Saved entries
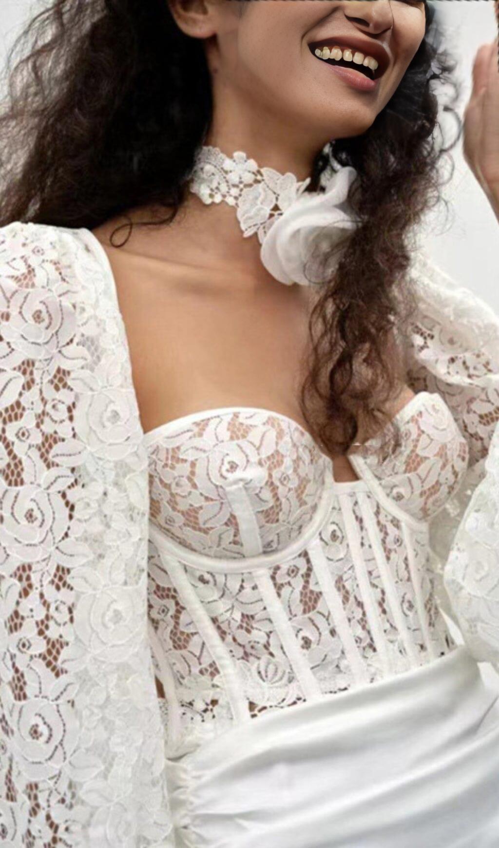 LACE CORSET MIDI DRESS IN WHITE
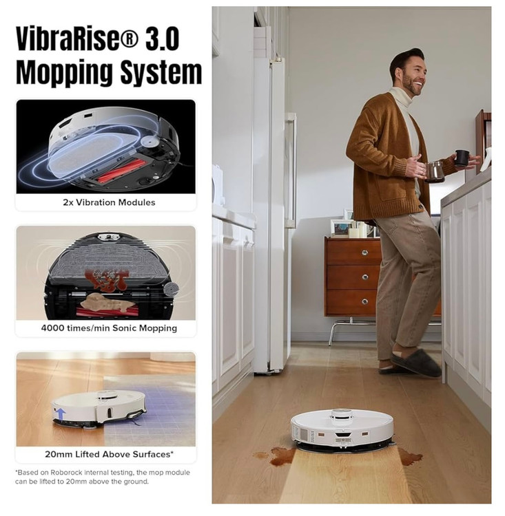 مجهز به دو ماژول لرزشی، این سیستم با سرعت ۴٬۰۰۰ لرزش در دقیقه، لکههای خشک و چربیها را بهطور مؤثر پاک میکند. علاوه بر این، ارتفاع آن تا ۲۰ میلیمتر تنظیم میشود تا هنگام تمیز کردن فرشها، رطوبت اضافی ایجاد نشود.
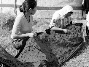 秋來春往,花落花開,瑪利亞從小女孩長成大姑娘,她的繡藝也日漸嫻熟,結(jié)繡、鉤繡、扎繡、刺繡、串珠片繡、格子架繡、十字繡……在日復(fù)一日的飛針走線中,她練就了一雙巧手和溫柔內(nèi)斂的性格?,斃麃喞C花,先勾勒花朵的輪廓,再用細的色線填滿輪廓內(nèi)的空間,由外向內(nèi),一圈一圈、一層一層,直到色彩飽滿的圖案凸現(xiàn)出來。草原上黃色的野菊、白色的蒲公英、藍色的薰衣草、紅色的刺玫,都像被擷取了精靈似的,綻放在柯爾克孜女人的繡品中,流露出她們與自然界溫暖而平和的情感交流。
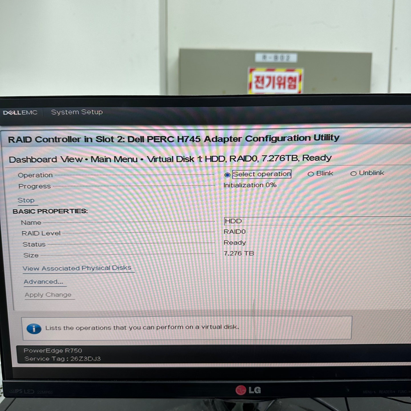 (12) HDD의 경우 실습 서버 기준 용량이 8TB, 하드 디스크 드라이브인 점을 감안하면 초기화 작업 시간은 약 7~8시간이 소요될 것으로 예상된다.
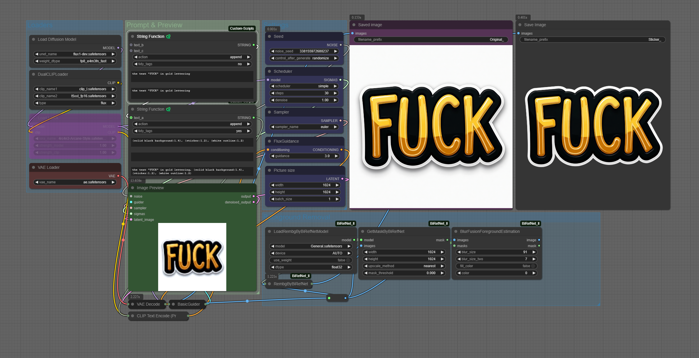 为ComfyUI设计的简单贴纸制作工作流,使用Flux和BiRefNet背景移除模型(可从此处获取)。
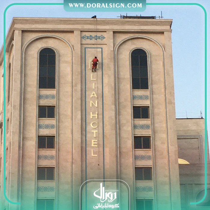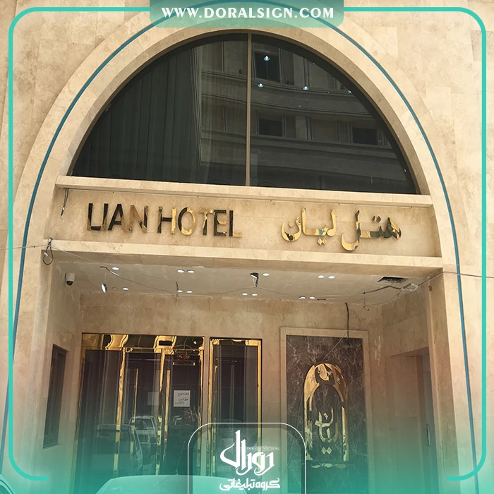 درباره پروژه نصب و اجرای تابلو استیل طلایی برای هتل لیان مشهد توسط تابلوسازی دورال
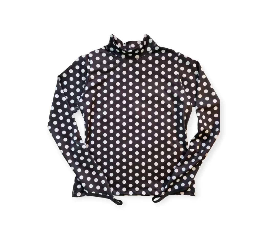 Camiseta corte dama, cuello polera, mangas mitones confeccionada en Lycra.
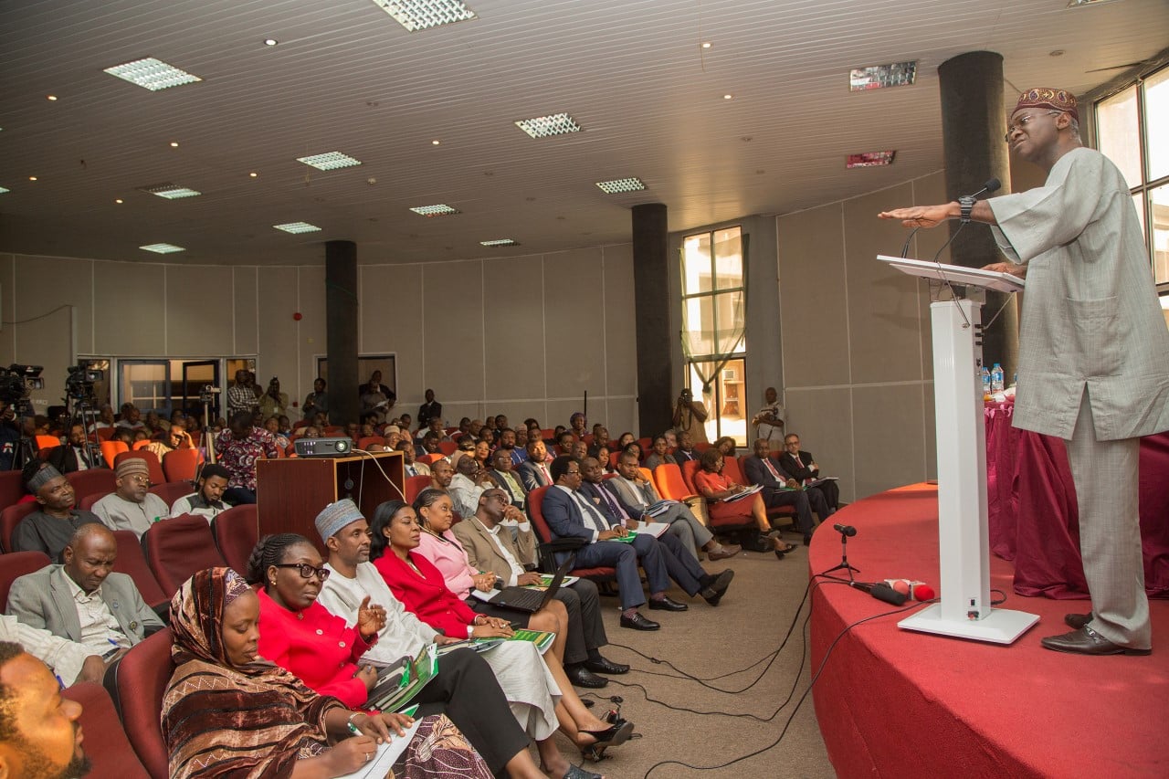 Minister of Power, Works & Housing, Mr Babatunde Fashola, SAN (right) speaking on the theme, “The Federal Government Commitment to the Power Sector Recovery Programme (PSRP)” during a Media Engagement Workshop on the PSRP at the Auditorium of the Ministry of Power,Works and Housing Headquarters, Power House, Maitama, Abuja.
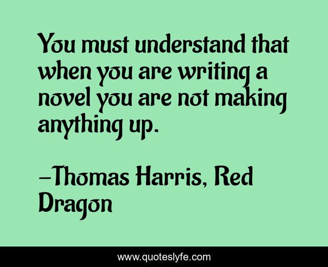 This page presents the quote "You must understand that when you are writing a novel you are not making anything up.". Author of this quote is Thomas Harris, Red Dragon. This quote is about author, writing,.
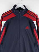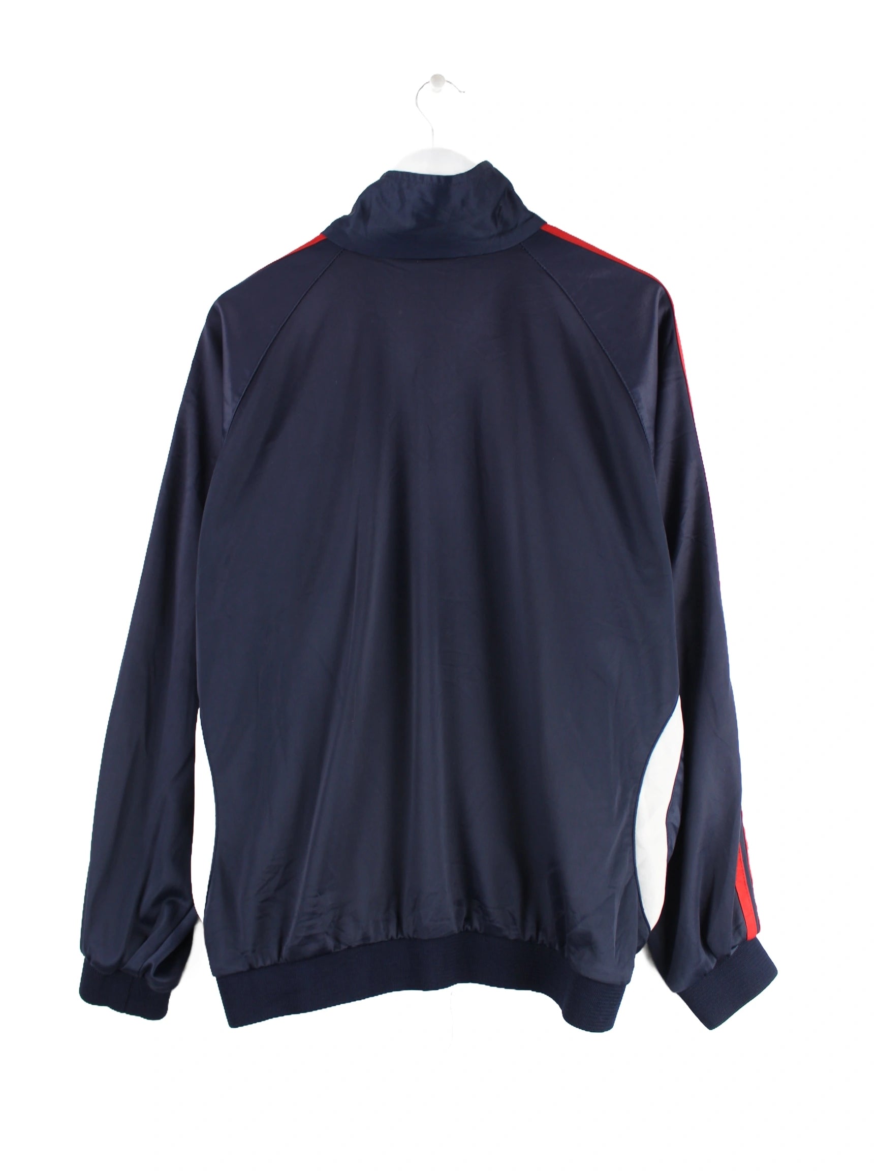 Blaue Trainingsjacke der Brand Adidas in Größe XXL. Sie ist aus Synthetik gefertigt. Den Zustand würden wir als 'In Ordnung' bezeichnen (vergl. Bilder).

- **What you are asked to do**
All entries should be restated word for word; no images belong in the copy.

- **Output**
 LACE CORSET MIDI DRESS IN WHITE
 مجهز به دو ماژول لرزشی، این سیستم با سرعت ۴٬۰۰۰ لرزش در دقیقه، لکههای خشک و چربیها را بهطور مؤثر پاک میکند. علاوه بر این، ارتفاع آن تا ۲۰ میلیمتر تنظیم میشود تا هنگام تمیز کردن فرشها، رطوبت اضافی ایجاد نشود.
 秋來春往,花落花開,瑪利亞從小女孩長成大姑娘,她的繡藝也日漸嫻熟,結(jié)繡、鉤繡、扎繡、刺繡、串珠片繡、格子架繡、十字繡……在日復(fù)一日的飛針走線中,她練就了一雙巧手和溫柔內(nèi)斂的性格?,斃麃喞C花,先勾勒花朵的輪廓,再用細的色線填滿輪廓內(nèi)的空間,由外向內(nèi),一圈一圈、一層一層,直到色彩飽滿的圖案凸現(xiàn)出來。草原上黃色的野菊、白色的蒲公英、藍色的薰衣草、紅色的刺玫,都像被擷取了精靈似的,綻放在柯爾克孜女人的繡品中,流露出她們與自然界溫暖而平和的情感交流。
 (12) HDD의 경우 실습 서버 기준 용량이 8TB, 하드 디스크 드라이브인 점을 감안하면 초기화 작업 시간은 약 7~8시간이 소요될 것으로 예상된다.
 为ComfyUI设计的简单贴纸制作工作流,使用Flux和BiRefNet背景移除模型(可从此处获取)。
 درباره پروژه نصب و اجرای تابلو استیل طلایی برای هتل لیان مشهد توسط تابلوسازی دورال
 Camiseta corte dama, cuello polera, mangas mitones confeccionada en Lycra.
 Minister of Power, Works & Housing, Mr Babatunde Fashola, SAN (right) speaking on the theme, “The Federal Government Commitment to the Power Sector Recovery Programme (PSRP)” during a Media Engagement Workshop on the PSRP at the Auditorium of the Ministry of Power,Works and Housing Headquarters, Power House, Maitama, Abuja.
 This page presents the quote "You must understand that when you are writing a novel you are not making anything up.". Author of this quote is Thomas Harris, Red Dragon. This quote is about author, writing,.
 Blaue Trainingsjacke der Brand Adidas in Größe XXL. Sie ist aus Synthetik gefertigt. Den Zustand würden wir als 'In Ordnung' bezeichnen (vergl. Bilder).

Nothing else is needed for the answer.